> MATERIAL TO PROCESS
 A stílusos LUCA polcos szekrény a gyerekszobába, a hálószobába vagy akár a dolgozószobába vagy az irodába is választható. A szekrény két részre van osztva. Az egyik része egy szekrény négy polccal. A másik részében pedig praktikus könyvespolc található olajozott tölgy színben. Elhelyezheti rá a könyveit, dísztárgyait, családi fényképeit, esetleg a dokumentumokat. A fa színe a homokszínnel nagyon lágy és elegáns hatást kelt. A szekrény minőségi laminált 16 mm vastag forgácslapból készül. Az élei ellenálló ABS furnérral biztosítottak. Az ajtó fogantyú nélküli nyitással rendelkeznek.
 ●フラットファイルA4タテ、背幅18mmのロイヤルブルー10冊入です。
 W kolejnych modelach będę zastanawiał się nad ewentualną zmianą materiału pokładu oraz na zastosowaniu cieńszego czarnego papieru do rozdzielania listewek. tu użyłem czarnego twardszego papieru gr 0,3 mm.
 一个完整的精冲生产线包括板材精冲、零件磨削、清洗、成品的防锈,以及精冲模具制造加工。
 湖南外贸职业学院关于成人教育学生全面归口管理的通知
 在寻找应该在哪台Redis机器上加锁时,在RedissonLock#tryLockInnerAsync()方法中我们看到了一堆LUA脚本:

* * *

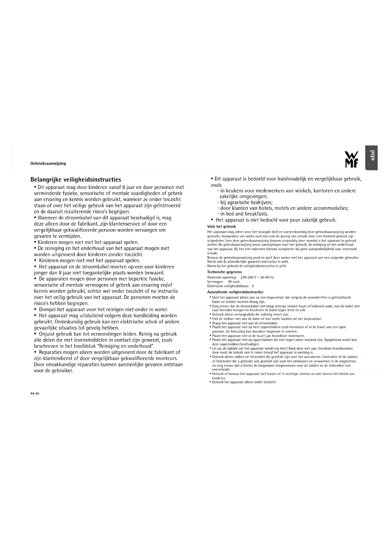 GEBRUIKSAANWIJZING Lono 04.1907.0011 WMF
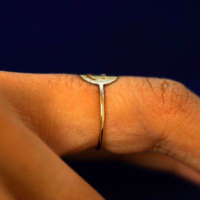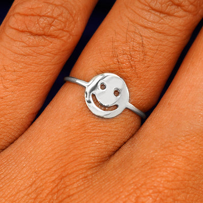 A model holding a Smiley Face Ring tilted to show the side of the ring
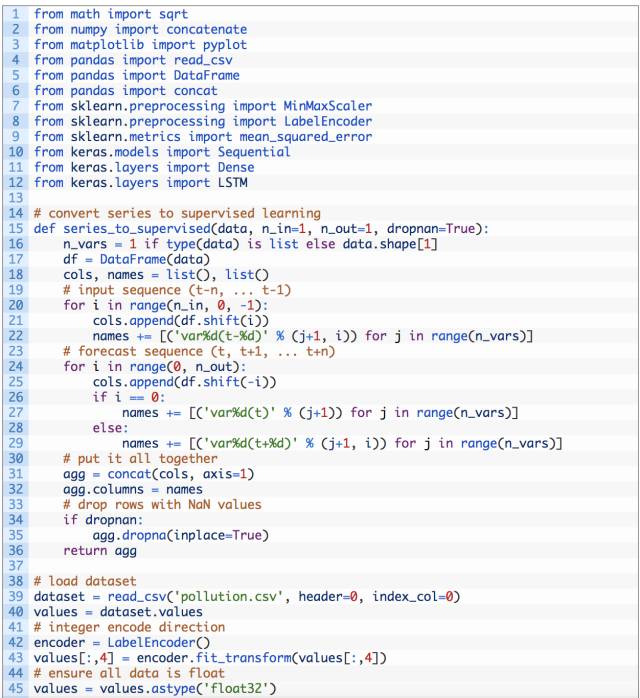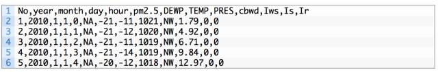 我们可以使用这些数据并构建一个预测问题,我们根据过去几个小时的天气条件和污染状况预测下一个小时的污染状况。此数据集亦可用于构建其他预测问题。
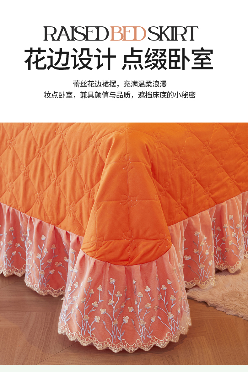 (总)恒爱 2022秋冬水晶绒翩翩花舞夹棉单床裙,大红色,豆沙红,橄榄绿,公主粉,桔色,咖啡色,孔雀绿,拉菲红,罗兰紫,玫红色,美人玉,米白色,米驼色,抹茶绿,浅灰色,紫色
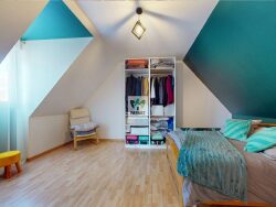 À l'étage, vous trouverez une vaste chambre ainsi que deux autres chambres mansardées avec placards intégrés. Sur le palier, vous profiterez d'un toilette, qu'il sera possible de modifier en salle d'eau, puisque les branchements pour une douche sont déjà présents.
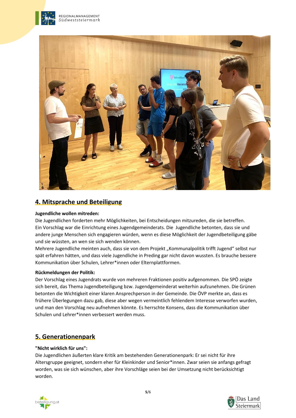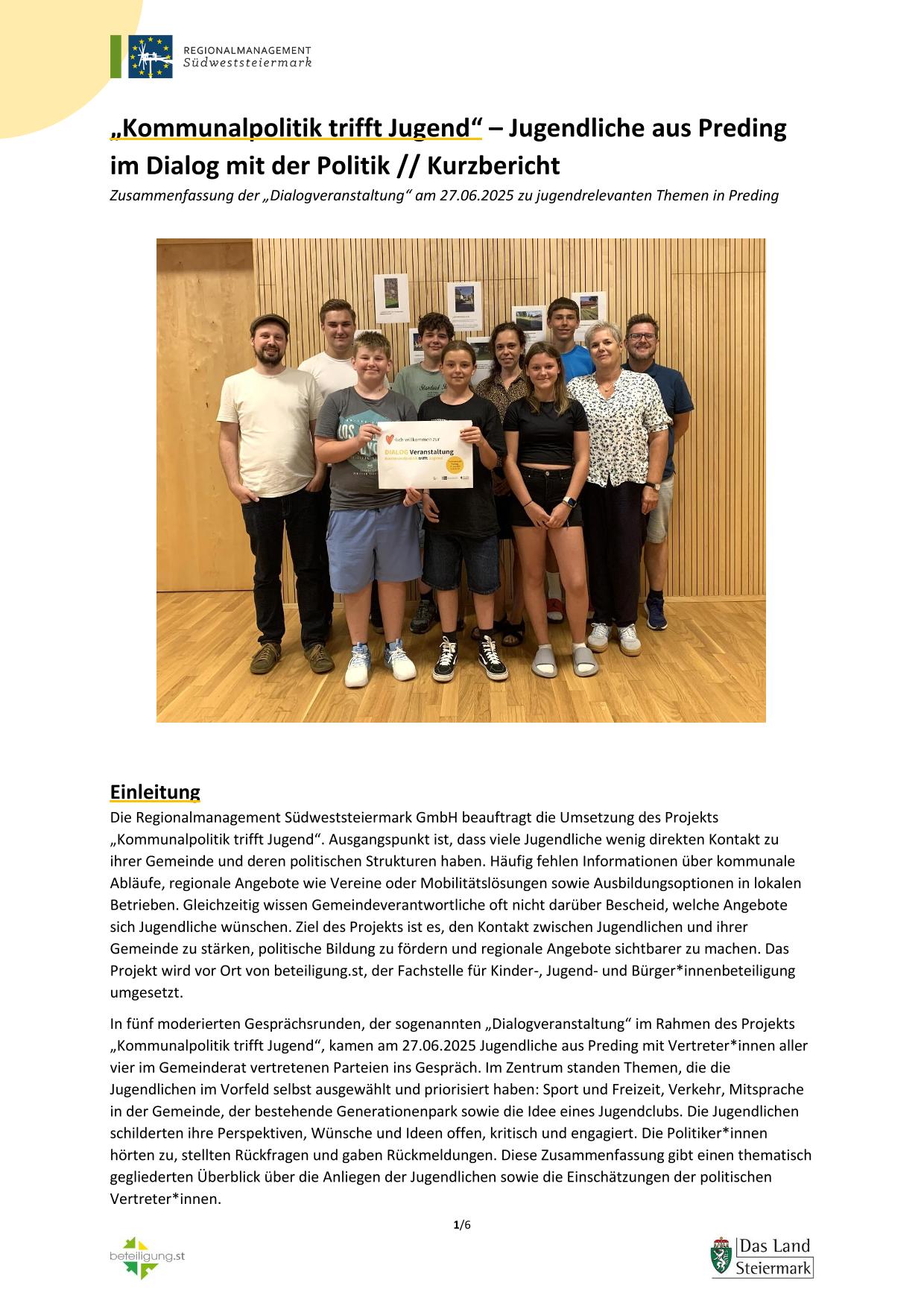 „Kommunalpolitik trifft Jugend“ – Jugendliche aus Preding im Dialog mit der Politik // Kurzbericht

> PROBLEM DESCRIPTION
Everything from the line with "A stílusos LUCA" through the line with "在寻找应该在哪台Redis机" in the listing above must be retyped exactly, with nothing added.

> OUTPUT OF THE TASK
 A stílusos LUCA polcos szekrény a gyerekszobába, a hálószobába vagy akár a dolgozószobába vagy az irodába is választható. A szekrény két részre van osztva. Az egyik része egy szekrény négy polccal. A másik részében pedig praktikus könyvespolc található olajozott tölgy színben. Elhelyezheti rá a könyveit, dísztárgyait, családi fényképeit, esetleg a dokumentumokat. A fa színe a homokszínnel nagyon lágy és elegáns hatást kelt. A szekrény minőségi laminált 16 mm vastag forgácslapból készül. Az élei ellenálló ABS furnérral biztosítottak. Az ajtó fogantyú nélküli nyitással rendelkeznek.
 ●フラットファイルA4タテ、背幅18mmのロイヤルブルー10冊入です。
 W kolejnych modelach będę zastanawiał się nad ewentualną zmianą materiału pokładu oraz na zastosowaniu cieńszego czarnego papieru do rozdzielania listewek. tu użyłem czarnego twardszego papieru gr 0,3 mm.
 一个完整的精冲生产线包括板材精冲、零件磨削、清洗、成品的防锈,以及精冲模具制造加工。
 湖南外贸职业学院关于成人教育学生全面归口管理的通知
 在寻找应该在哪台Redis机器上加锁时,在RedissonLock#tryLockInnerAsync()方法中我们看到了一堆LUA脚本:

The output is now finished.